The second visit to Number Nine is emotionally exhausting for Alex. She is concerned that Rachel is living like a hermit, cut off from the real world, so she takes her to see some successful local guesthouses in the hope that she can learn from the competition. But the plan backfires when Rachel becomes downhearted by the sheer quality of her rivals. The visit also reinforces how lonely Rachel is. Over a meal, she reveals that the last four years have been a personal nightmare and that she has been suffering from depression. “I get so low,” she says. “You feel like crawling into bed, throwing the duvet over your head and not coming out for a week,” Alex sympathises.

The following day, Alex urges Rachel to stop living in the past and focus on the future. She also tells her that she must design her own guide to Torquay, which will force her out of the house and help her to get to know the area. With Rachel out, Alex de-clutters the lounge in a mini-makeover to show that less is more. Upon her return, Rachel is delighted with the results. For the first time there is a sense of hope that Number Nine might just work – and Alex is certain that Rachel is key to its success. “Your unique selling point at the hotel is you,” she says.

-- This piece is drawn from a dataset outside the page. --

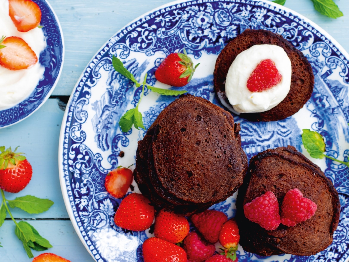 “These little flapjacks are quick to make and very versatile. Serve warm with whipped cream and berries.”

Alex returns for her final visit to find Rachel newly invigorated and Number Nine pleasingly de-cluttered. Alex organises a big makeover of the basement breakfast area and one of the bedrooms, delighting Rachel with her modern take on the 50s theme. Alex then reveals that Rachel has to show off the new Number Nine to fellow 50s enthusiasts for their seal of approval. A nervous Rachel takes them on a tour – and the new look is a big hit. A rejuvenated Rachel reflects on what Alex’s help has meant to her. “You’ve made me feel I’m worth something,” she says. “You’ve had faith in me – which is lovely – and it’s made me believe in myself as well.”